According to the Bureau of Labor Statistics, the "real" unemployment rate, the U-6 rate, jumped from 15.8% in April to 16.4% in May as the labor market shed another "projected" 345,000 jobs during the month. The U-6 rate has jumped nearly 7 basis points from May of 2008 when it was 9.8%.
As I have written about before, the U-6 unemployment rate includes three types of workers that are not part of the more publicized U-3 unemployment number:
1.) Marginally attached workers - people that want a full time job, have looked for one in the past, but are no longer looking for work.
2.) Discouraged workers - those that have given a job market reason for not looking for a job.
3.) Persons employed part time for economic reasons - in other words, somebody that wants a full time job but has had to settle for part time work.

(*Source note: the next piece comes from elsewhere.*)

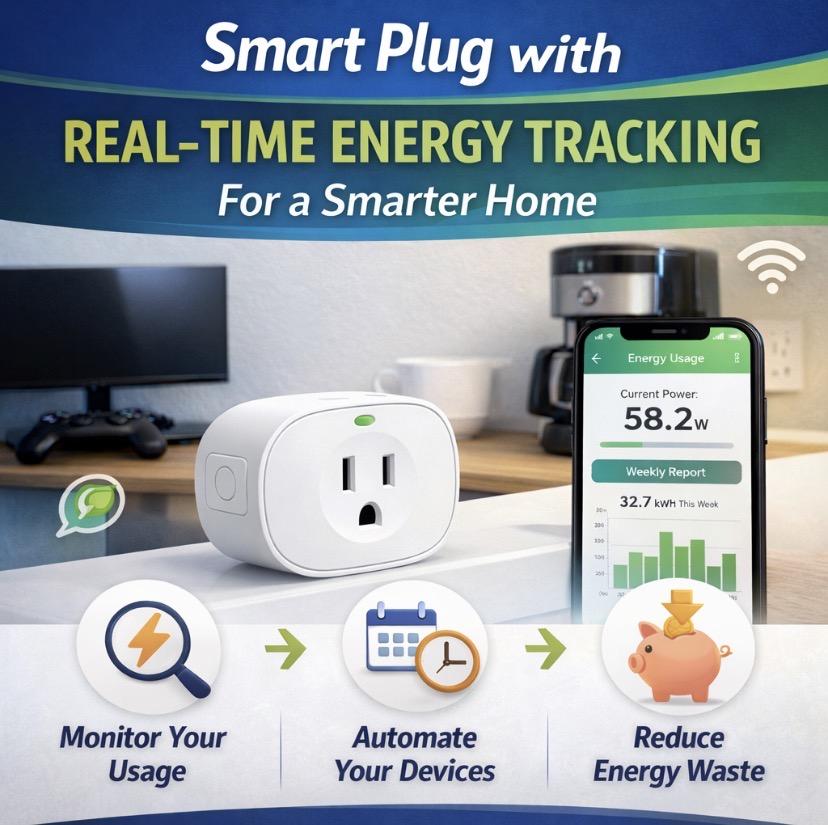 A Smart Plug with Real-Time Energy Tracking is a compact yet powerful smart home device designed to transform any regular electrical outlet into an intelligent, energy-aware connection. Once plugged in, it allows you to connect household appliances—such as lamps, coffee makers, heaters, or chargers—and monitor their electricity consumption in real time.

There are two problems with the labor market right now that are not independent to the housing market. Not only are jobs being lost, but jobs are not being created as is evidence by the rising unemployment percentage.
This rising unemployment rate means that more homeowners are at risk of losing their home and fewer buyers will be able to obtain a loan to buy their first home. The results are already being played out in the housing market as 12.07% of all mortgages are at least 30 days late, the highest on record. Additionally, existing home sales, despite massive government intervention, remain stunted.
At the current pace of affairs, and with unemployment not expected to peak until 2010, the housing market, contrary to Jim Cramer, is not at a bottom.